Il reviendra à cette instance de passer au crible une multitude de dossiers comme la poursuite du programme de lignes ferroviaires à grande vitesse (LGV), le développement des voies ferrées dédiées au fret grande distance ou la réalisation d'une quinzaine de projets portuaires et fluviaux.
Parmi les plus incertains, le Canal Seine-Nord prévoit de connecter la Seine aux grands réseaux fluviaux de nord du continent.
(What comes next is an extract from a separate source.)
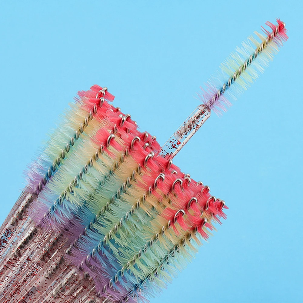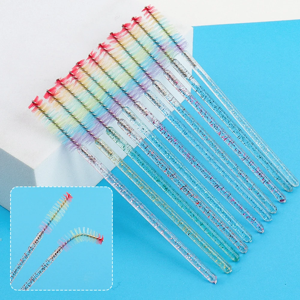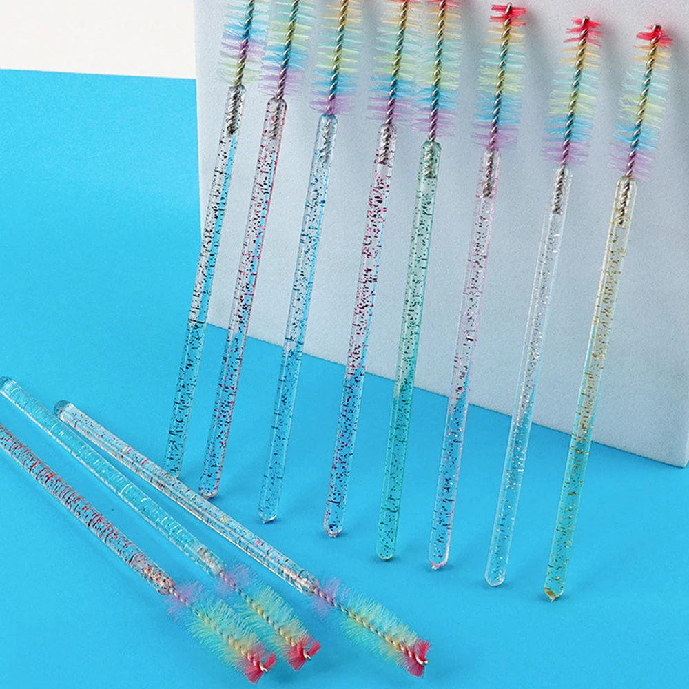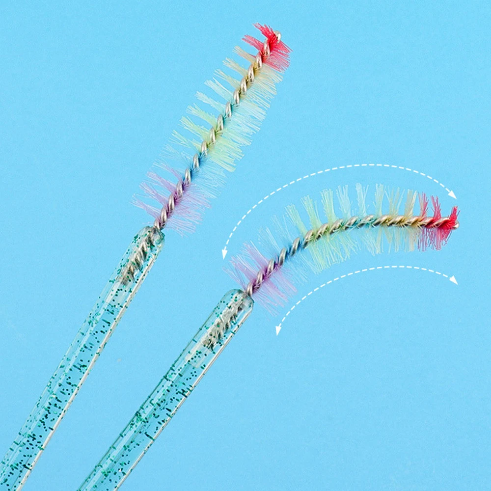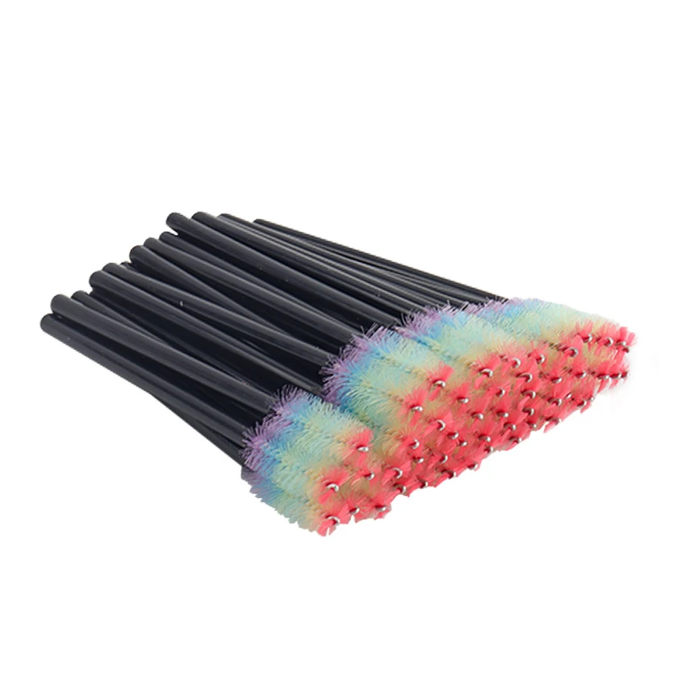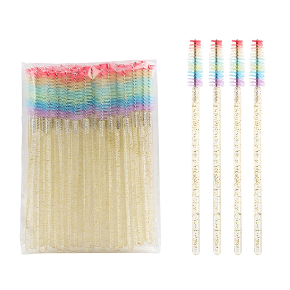 50 Pcs Disposable Colorful Rainbow Crystal Eyelash Extension Brushes Mascara Wand Applicator Eyebrow Comb Microbrush Makeup Tool

Certains élus contestent toutefois qu'il soit prioritaire. "C'est un problème budgétaire, car c'est un peu plus cher que prévu", avec au moins 4,3 milliards d'euros, dont 2,1 milliards venant du privé, indique Patrick Bernasconi, président de la Fédération nationale des travaux publics (FNTP). "Si le canal ne se fait pas, c'est la mort du transport fluvial français",
a déclaré à l'AFP le député UMP du Nord, Thierry Lazaro.
Contraintes budgétaires
Mais au-delà de ce chantier pharaonique, c'est le gel d'une partie des grands chantiers prévus que redoutent les professionnels des travaux publics, dont le secteur a perdu 20 000 emplois en cinq ans.
"Il faut que le nouveau gouvernement nous dise sur quels projets nous pouvons travailler", réclame Patrick Bernasconi.
Le financement des projets est aussi une source de préoccupations.Face aux contraintes budgétaires, le recours au privé via les partenariats public-privé (PPP) est l'une des solutions aujourd'hui utilisées.
En quelques mois, trois contrats de LGV (Tours-Bordeaux, Le Mans-Rennes et le contournement de Nîmes et Montpellier) viennent d'être conclus entre Réseau Ferré de France (RFF) et les spécialistes des grands chantiers que sont Vinci, Eiffage et Bouygues.
Mais alors que les majors du BTP sont désormais servis, certains s'interrogent sur l'avenir de la formule.
D'autres pointent du doigt ses limites comme le député UMP de la Drôme, Hervé Mariton, qui dans un récent rapport estimait que les futures LGV ne pourraient pas être financées par un PPP car ne générant pas un trafic suffisant.
Pour Gilles Savary, c'est la piste européenne qu'il convient d'explorer notamment par le biais des "project bonds", des emprunts communautaires destinés à financer de grands projets sans peser sur les budgets nationaux.
"Mais la condition préalable est de faire converger les priorités françaises avec la carte des réseaux transeuropéens de transport (RTE)", estime-t-il.
L'Europe a sélectionné 30 projets d'intérêt commun dont l'un des plus emblématiques est la liaison ferroviaire à grande vitesse Lyon-Turin, via un long tunnel sous les Alpes.